Print the lines below word for word, beginning with the first and ending with the line that holds "Plato De Papel", and skip every picture.

Data extracted from a collection:
<<<<
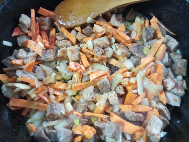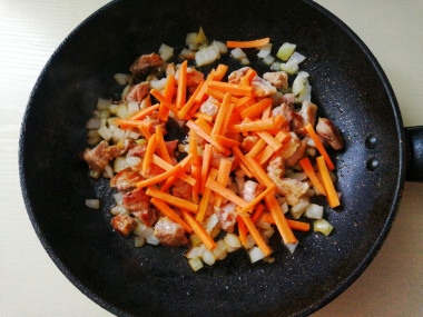 Выложите на сковороду порезанную морковь. Все хорошо перемешайте и тушите до полуготовности овощей.
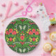 Plato De Papel Pansias rojas, pájaros y mariposas
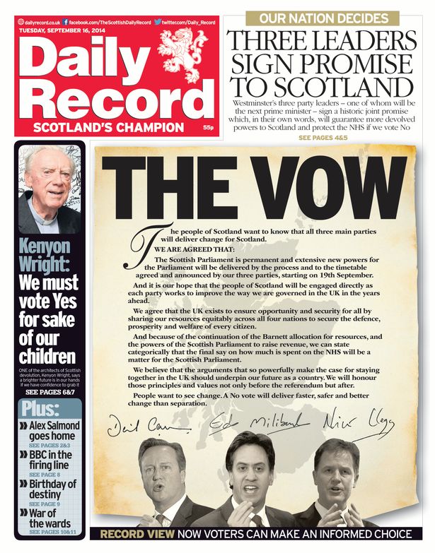 In a further push by the no campaign, all three UK leaders – Cameron, Miliband and Nick Clegg, the Lib Dem leader – signed a front page pledge in the Daily Record newspaper entitled “the vow”. It promised they would give the Scottish parliament a legal guarantee of its independence from Westminster and to protect the Treasury’s funding system, known as the Barnett formula. Along with a “categoric” statement that Holyrood had the final say on Scottish health service spending, both are major new commitments, pushed for by the paper after it accused the three leaders last week of making weak promises on devolution.
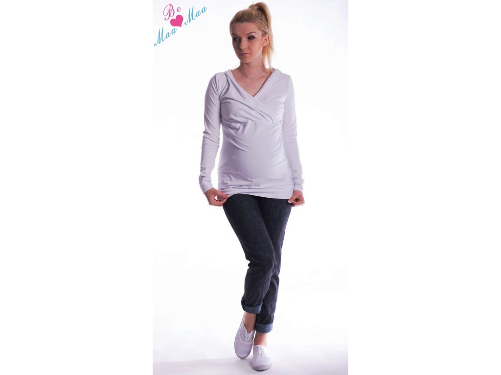 Be MaaMaa Těhotenská mikina s kapucí OLINA - bílá
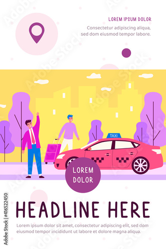 Happy businessman taking taxy. Luggage, cab, transport to airport flat vector illustration. City traffic, travel, transportation concept for banner, website design or landing web page
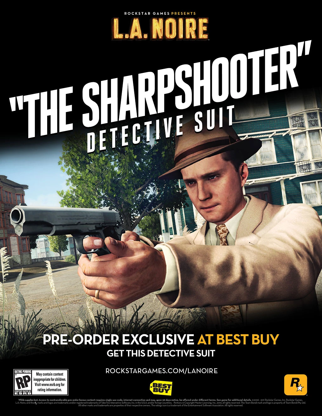 The suit enhances your aim with rifles and pistols. Always a worst case scenario for any detective working a case, there are of course those occasions for Cole Phelps when pursuing a suspect escalates to gunfire. In these tense shootouts, the Sharpshooter suit provides that extra aiming precision to take the criminal down.
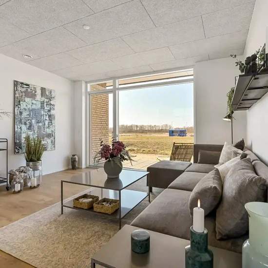 In a quiet, newer residential area in Sunds, this inviting terraced house with three rooms and its own private terrace is now available. The home has been built with a focus on functionality and quality, and it is ideal for couples, families with children and those who want a modern home with space and outdoor living. The heart of the home is the open kitchen-dining area, where the kitchen is finished in light materials and equipped with all major appliances. From here there is direct access to a private, tiled terrace and a green garden. A...
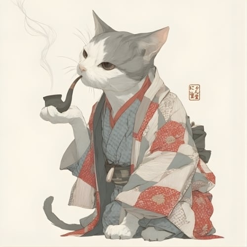 A dignified profile holding a tobacco pipe, a refined kimono, and a quiet, lingering impression.A masterpiece from Nyanko Rekido's timeless "Emotionless, Chic Cat" series.A piece with muted tones that stands out as Japanese-style art.
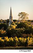 COULEURS D' AUTOMNE DANS LES VIGNES D ET LE CLOCHER DE L' EGLISE DU VILLAGE DE SAUTERNES , VINS AOC BARSAC SAUTERNES, ROUTE DES VINS DE GRAVES ET SAUTERNES, COMMUNE DE SAUTERNES, GIRONDE, AQUITAINE, NOUVELLE AQUITAINE, FRANCE.
>>>>
Solved problem:
 Выложите на сковороду порезанную морковь. Все хорошо перемешайте и тушите до полуготовности овощей.
 Plato De Papel Pansias rojas, pájaros y mariposas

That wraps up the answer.